Monday, July 26, 2010

Frames, constructs and the log

Some time has passed. My ideas of the internal representation of natural language have changed. Here are the new ones.

Every word in the input is taken as a whole and all the information about it is stored in a single frame. The frame may have different aspects: morphological, syntactic, semantic, discourse, etc. The aspect names are called roles, the objects corresponding to these roles are called constructs.

The lexical ambiguities are handled frame-internally. In case it's syntactically ambiguous, it has several possible syntactic constructs. A polysemous word may have different semantic constructs. The frame should eventually choose one construct for each role, and the chosen constructs have not to contradict with each other. Here's how a frame for the famously ambiguous bank could look like:
Once frames with embedded constructs appear in the model, they remain activated for some time and may perform various actions. They may add constructs to their own or another frame. They may establish links to constructs of other roles in the same frame. Or they may create connections to other frames.
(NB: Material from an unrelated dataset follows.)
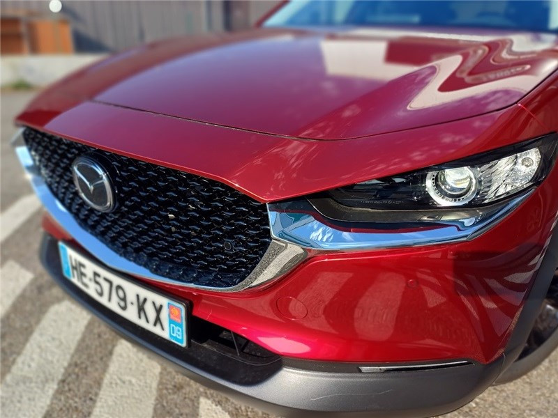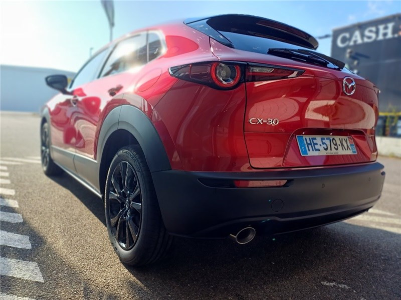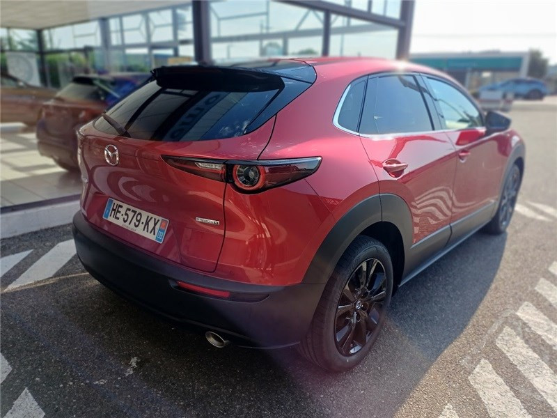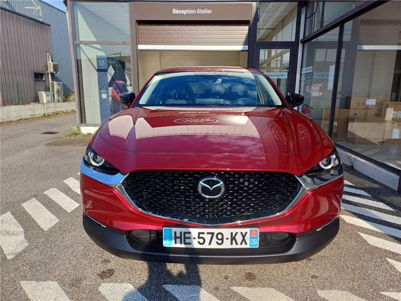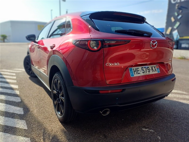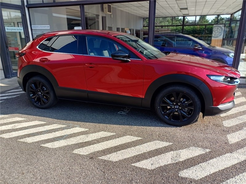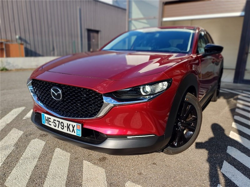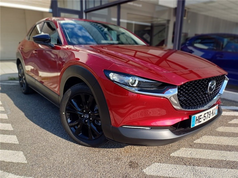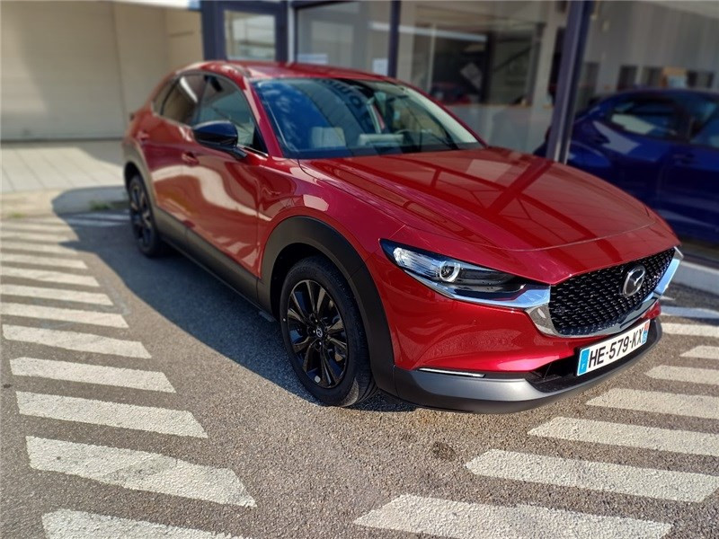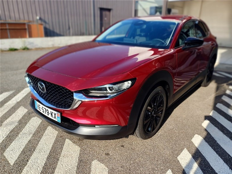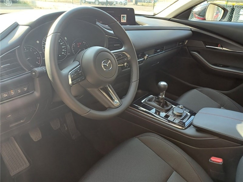 2 ports USB Type C et 1 prise 12 V / 8 HP / Affichage tête haute couleur (ADD) projeté / Alerte de distance et de vitesse (DSA) : affichage et assistance au freinage / Apple CarPlay et Android Auto sans fil (visualisation de la navigation sur l'affichage tête haute couleur) / Cache bagages / Compteur numérique 7'' / Contrôle dynamique de stabilité (DSC) + système « G-Vectoring Control » (GVC) / Coques de rétroviseurs extérieurs noirs / Eclairage d'ambiance à l'AV et à l'AR avec plafonnier (tous à LED, y compris l'éclairage du / Ecran central TFT couleur 10,25" / Fonction de géolocalisation du véhicule ajoutée à l'application MyMazda / Frein de stationnement électronique + fonction « Auto Hold » avec aide au démarrage en côte (HLA) / Gestion automatique des feux de route (HBC) / Hayon à ouverture/fermeture électrique / Jantes alliage 18" noires (215/45/R18) / Kit de réparation anti-crevaison / Ouverture/fermeture intelligente des portes / Phares AV à LED avec fonction antibrouillard intégrée et lave-phares / Régulateur de vitesse adaptatif Mazda MRCC avec adaptation intelligente de la vitesse (ISA) / Rétroviseurs extérieurs chauffants à rabattage automatique et à réglage électrique / Smart Cargo System / Système "Auto Door Locking" (ADL) / Système d'aide au freinage intelligent (SBS) avec assistance au freinage en milieu urbain (SCBS avancé) avec détection des piétons / Système d'alerte anti-fatigue du conducteur (DAA) sans caméra / Système d'appel d'urgence "E-Call" avec GPS / Système de navigation obligatoire pour la reconnaissance des panneaux de signalisation (TSR) (points d?'intérêt en ligne, mode Off-Road - Évolution 2024 : système de navigation hybride) / Système de surveillance des angles morts (BSM) et reconnaissance active d'obstacles mobiles en marche AR (RCTA) / Système Mazda Connect avec écran couleur 10,25'' TFT / Volant et pommeau de levier de vitesses gainé de cuir

Establishing a connection between frames means creating a new frame whose child frames are the ones that are connected. The new frame may also have several aspects. For example, in the usual John loves Mary two extra frames are created to link the predicate with the subject and the object respectively. These frames host two constructs both: one representing syntactic relation, another - semantic one (in experiencer, state and theme terms):
As I've already stated, not only the final structure is important, but also the sequence in which it was constructed. For this, a simple program-like log can be used:

frame: syn=noun, sem=JOHN
frame: syn=verb;transitive, sem=love
frame ^2 ^1: syn=subject+predicate, sem=experiencer+state
frame: syn=noun, sem=MARY
frame ^3 ^1: syn=predicate+object, sem=state+object

Each line here talks about some new frame. The frame's children are referred to as ^x where x is how many lines back was the one talking about the mentioned frame. ^1 means the previous line, ^2 - the one before the previous. When a frame is created, it has no aspects. Their subsequent assignments are reflected in the log.

This log reflects the dynamics of the parsing process and can thus be used in the applications where the order of operations is important, like machine translation.